Правда, и правительство, и военный министр, и резолюции большинства Совета и Комитета осуждали братание. Но успеха их воззвания не имели. Фронт представлял зрелище небывалое. Загипнотизированный немецко-большевистской речью, он забыл все: и честь, и долг, и Родину, и горы трупов своих братьев, погибших бесцельно и бесполезно. Беспощадная рука вытравляла в душе русских солдат все моральные побуждения, заменяя единственным, доминирующим над всем, животным чувством - желанием сохранить свою жизнь.
Нельзя читать без глубокого волнения о переживаниях Корнилова, столкнувшегося впервые после революции, в начале мая, в качестве командующего 8 армией, с этим фатальным явлением фронтовой жизни.
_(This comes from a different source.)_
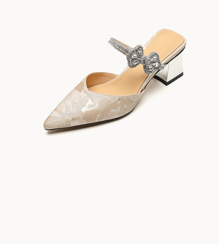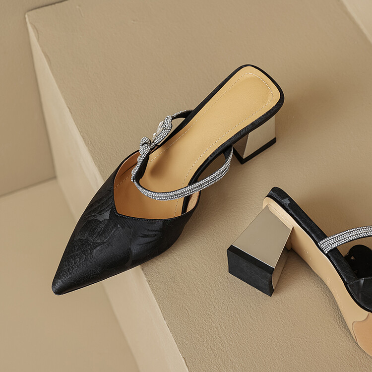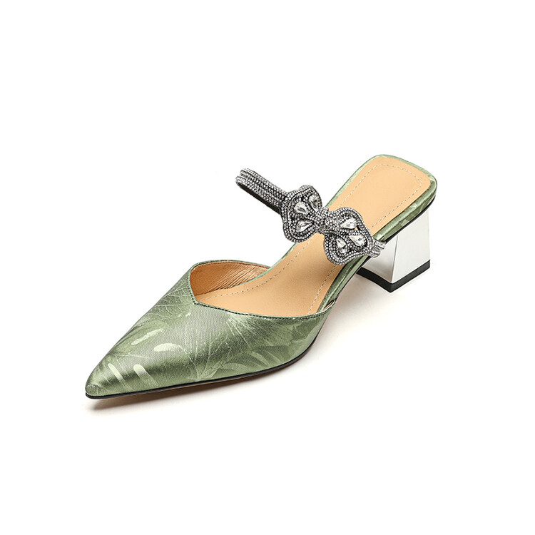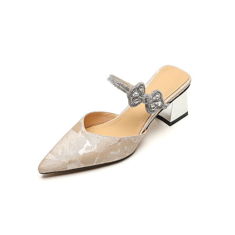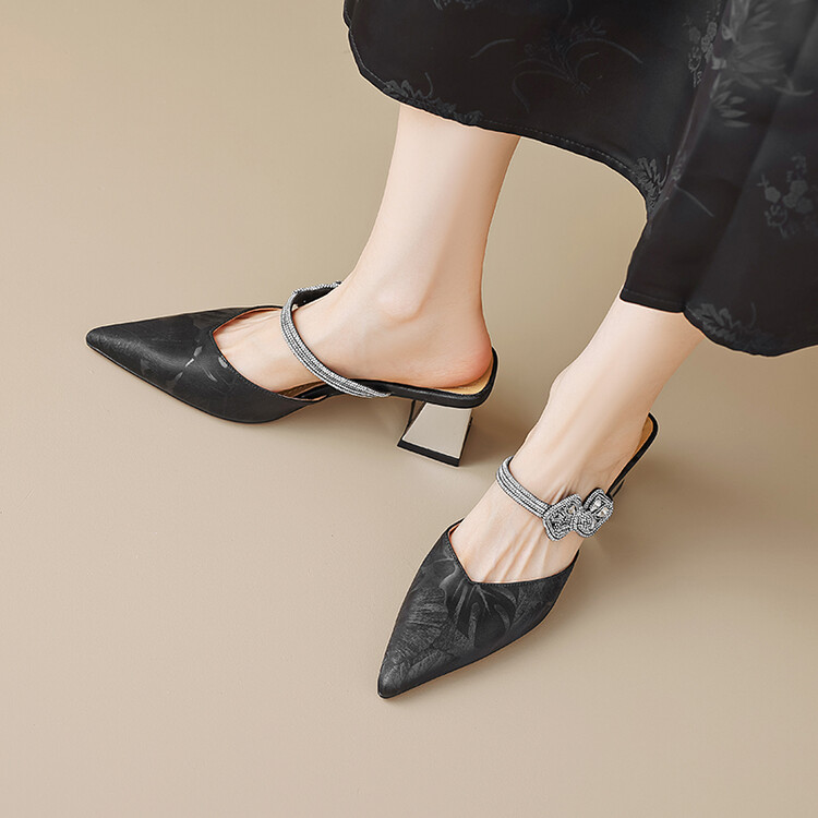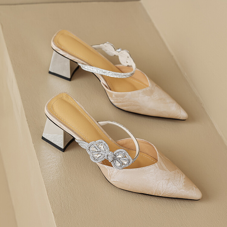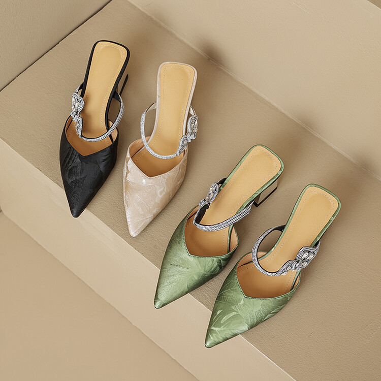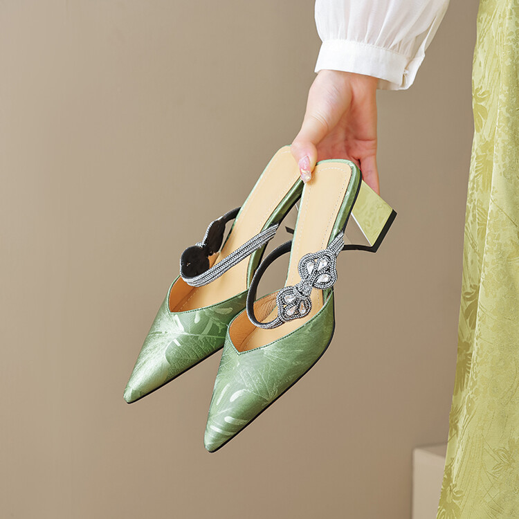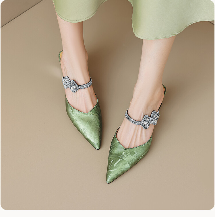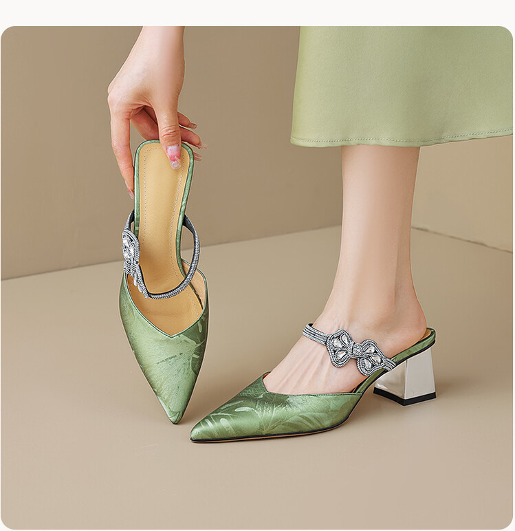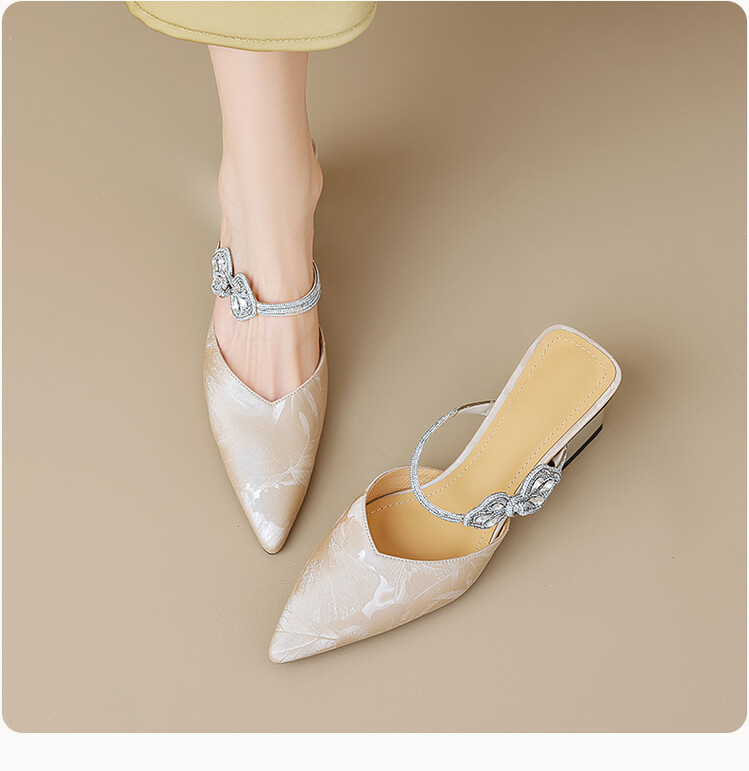 【预售5天】优雅淑女风一字带真皮包头半拖鞋女法式外穿粗高跟鞋LGYZNX&388-3

Они записаны капитаном (тогда) генерального штаба Нежинцевым, впоследствии доблестным командиром Корниловского полка, в 1918 году павшем в бою с большевиками, при штурме Екатеринодара.
"Когда мы втянулись в огневую зону позиции, - писал Нежинцев, - генерал (Корнилов) был очень мрачен. Слова "позор, измена" оценили гробовое молчание позиции. Затем он заметил:
– Вы чувствуете весь ужас и кошмар этой тишины? Вы понимаете, что за нами следят глаза артиллерийских наблюдателей противника, и нас не обстреливают. Да, над нами, как над бессильными, издевается противник... Неужели русский солдат способен известить противника о моем приезде на позицию..."
"Я молчал, но святые слезы на глазах героя глубоко тронули меня. И в эту минуту... я мысленно поклялся генералу, что умру за него, умру за нашу общую Родину. Генерал Корнилов как бы почувствовал это. И, резко повернувшись ко мне, пожал мою руку и отвернулся, как будто устыдившись своей минутной слабости".
"Знакомство нового командующего с его пехотой началось с того, что построенные части резерва устроили митинг, и на все доводы о необходимости наступления, указывали на ненужность продолжения "буржуазной" войны, ведомой "милитарщиками"... Когда генерал Корнилов, после двухчасовой бесплодной беседы, измученный нравственно и физически, отправился в окопы, здесь ему представилась картина, какую вряд ли мог предвидеть любой воин эпохи".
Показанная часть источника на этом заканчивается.